ByteDance ha ordenado a TikTok que elabore un plan de contingencia ante la posibilidad de que la app tenga que dejar de operar en Estados Unidos el próximo 15 de septiembre. Así lo publica Reuters que cita fuentes cercanas con la compañía.

El próximo 15 de septiembre expira el plazo dado por Donald Trump y ByteDance tendrá que dejar de operar en Estados Unidos si el negocio no ha pasado a manos estadounidenses. Así lo estipula el decreto en el que el Gobierno de Estados Unidos sigue aduciendo razones de seguridad nacional para tomar la decisión. “La recopilación de datos (de TikTok) amenaza con permitir que el Partido Comunista Chino acceda a la información personal y privada de los estadounidenses, lo que potencialmente le permite a China rastrear las ubicaciones de los empleados y contratistas federales, crear expedientes de información personal para chantaje y realizar espionaje corporativo”.

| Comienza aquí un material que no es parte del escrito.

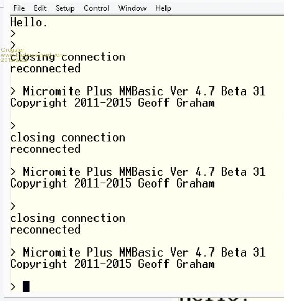 4) 'connected' comes up on screen, but MM+ has not run the code, it drops you to the command prompt.
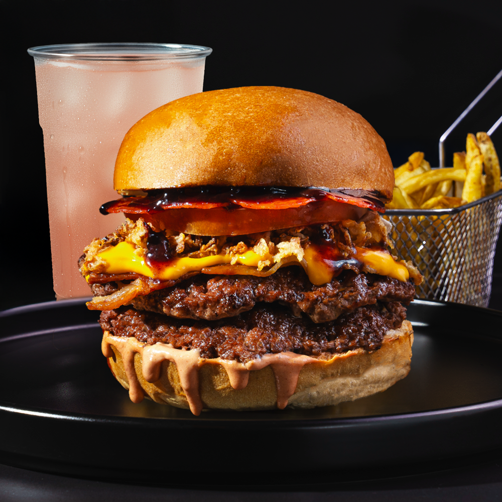 Dos carnes de res 100% madurada cada una de 125g, doble Tocineta, costra de queso mozzarella, mayonesa ahumada, cebolla caramelizada, Salsa Buffalo levemente picante y pan brioche sellado + papas + bebida
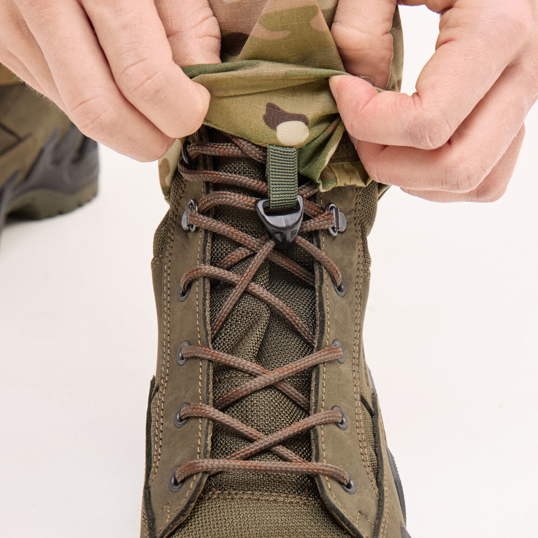 - Штанины регулируются по объему с помощью трех хлястиков на липучке - в районе подколенной ямки, икроножной мышцы и ахилла;
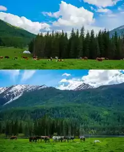 〓 Highlights: In July, millions of acres of rapeseed flowers bloom, and the daily "Heavenly Horse Bathing in the River" show (herds of horses splashing and galloping) is a must-see!
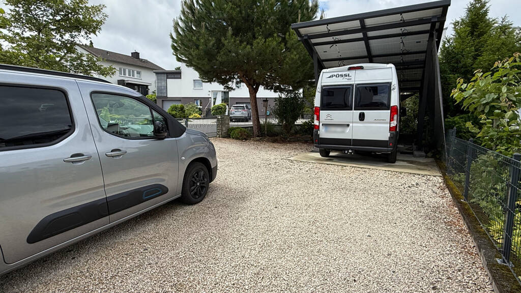 Der Vorgarten hält zudem noch eine Garage, einen Solar-Carport (4 kWp) und ein bis zwei Pkw-Außenstellplätze bereit.

En la carrera por hacerse con el control de TikTok se encuentran Microsoft (a priori la mejor posicionada) y Oracle (quien cuenta con el beneplácito de Donald Trump). Según las fuentes consultadas por Reuters, se espera que en las próximas horas ByteDance decida con qué empresa va a entablar conversaciones “en exclusiva”.

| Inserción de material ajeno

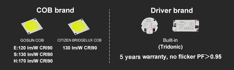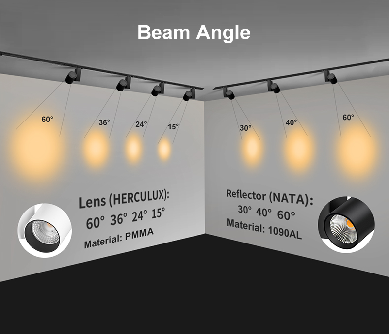 • Beam angle: (Lens15°/24°/36°/60°)(Reflector: 30°/40°/60°)

No obstante, aunque ByteDance lograse alcanzar un acuerdo con alguna de estas dos compañías, éste tendría que ser aprobado por los gobiernos tanto de Estados Unidos como de China. El plan de contingencia tendría que contemplar la posibilidad de que uno de estos dos países decidiese bloquear cualquiera de los dos acuerdos.

La batalla por TikTok también se ha trasladado a los tribunales tras la decisión adoptada por la firma de presentar una demanda contra el Gobierno de Estados Unidos al considerar que no hay ninguna prueba para que la orden ejecutiva firmada por Donald Trump se lleve a cabo.